Un discours sorti des « 1001 nuits »
Le discours de Michel Barnier sur sa politique générale devant l'Assemblée Nationale était autant sympathique qu'irréaliste. Et il y a de forts doutes qu'il ait le temps de mettre ses projets en œuvre.
(KL) – Évidemment, le nouveau premier ministre voulait proposer un peu quelque chose pour tout le monde, même les écologistes, même la gauche, et surtout à la droite et à l’extrême-droite. Si l’homme est crédible et se soucie réellement de la France, son « programme » n’en est pas un, car il n’aura probablement pas de majorité pour les choses qu’il veut mettre en œuvre. La meilleure phrase de Barnier était sa conclusion : « Prenons soin de la République : elle est fragile ». Mais ce que Barnier n’a pas dit, c’est que c’est son patron Emmanuel Macron qui l’a fragilisée à ce point.
Dans un souci de faire adhérer tout le monde à son « programme », Barnier a proposé un engagement pour la protection du climat (le bonbon un peu floue pour les écologistes), l’augmentation du SMIC de 2% le 1er Novembre (le bonbon pour la gauche), la « révision » (et non pas l’abolition) de la réforme des retraites (le bonbon pour tout le monde sauf les macronistes), l’utilisation des techniques de surveillance éprouvées lors des JO à Paris, comme la reconnaissance faciale numérique (un des bonbons pour l’extrême-droite, malgré l’interdiction de l’Union Européenne d’utiliser de tels systèmes…), et d’autres éléments qui seront, selon toute vraisemblance, impossibles à mettre en œuvre, par manque d’une majorité.
Très intéressants aussi, les réactions des chefs des groupes présents à l’Assemblée Nationale. Si Marine Le Pen a précisé au premier ministre ce qu’il pouvait faire et ce qu’il ne pouvait pas faire, démontrant ainsi qui dirige réellement la politique française, le chef du groupe des macronistes Gabriel Attal a profité de l’occasion pour faire un discours qui était davantage la préparation de sa candidature à la présidence, tandis que Mathilde Panot pour la LFI a estimé nécessaire de vociférer sur le premier ministre, répétant les positions d’extrême-gauche concernant le soutien inconditionnel et foncièrement antisémite de son parti pour la Palestine. Pour le PS, Boris Vallaud a vivement critiqué ce gouvernement de droite, estimant que la démocratie est actuellement en péril en France. Comprendre : les partis présents dans l’hémicycle ne trouveront jamais des accords nécessaires pour que la France puisse être gouvernée jusqu’aux prochaines élections présidentielles, prévues en 2027, mais il y a de forts doutes que le président mal aimé puisse se maintenir d’ici là.

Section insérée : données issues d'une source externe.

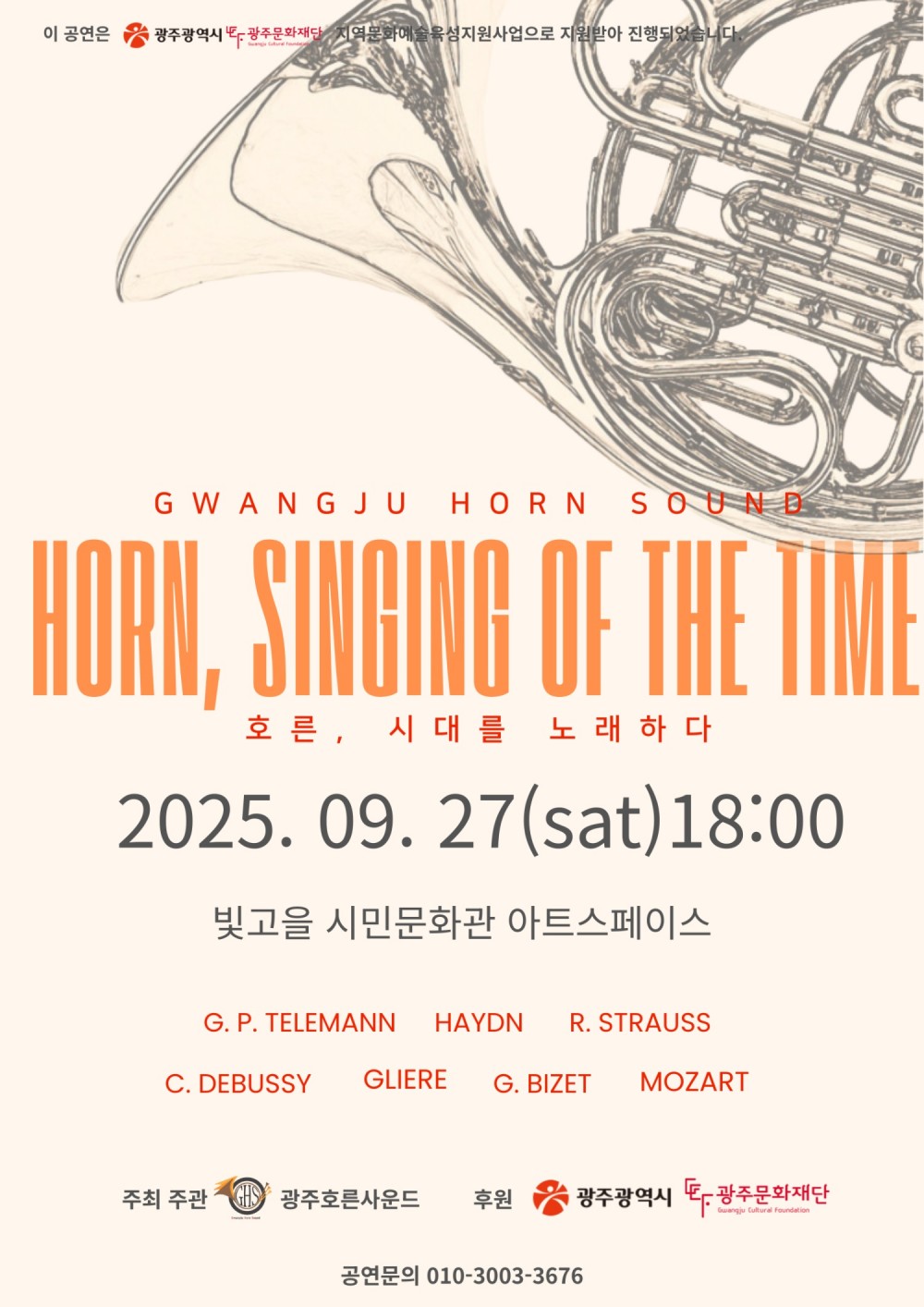 광주를 대표하는 30인조 호른 오케스트라가 바로크부터 현대까지 시대별 호른의 다양한 매력을 웅장한 소리와 해설로 선사합니다.

Michel Barnier risque de devenir une sorte de « héro romantique » qui échouera face à l’incapacité du monde politique français de se défendre contre le « putsch » macronien et de négocier en vue de trouver un dénominateur commun. S’il est compréhensible que la gauche, donc le « Nouveau Front Populaire » soit en colère après que la macronie ait totalement ignoré les résultats des élections anticipées déclenchées par elle-même, le Rassemblement-ex-Front National s’est montré plus ouvert au dialogue. Peu étonnant, puisque le gouvernement est obligé de ne proposer que des choses qui trouvent l’approbation de l’extrême-droite. En soulignant qu’elle ne souhaite pas brandir tout le temps la menace de la motion de censure, Marine Le Pen a rappelé habilement au premier ministre qu’elle pourrait, à tout moment, utiliser cet instrument.
Personne ne peut enlever sa bonne volonté à Michel Barnier – mais son gouvernement est déjà condamné. On verra bien combien de semaines ou presque mois ce gouvernement tiendra.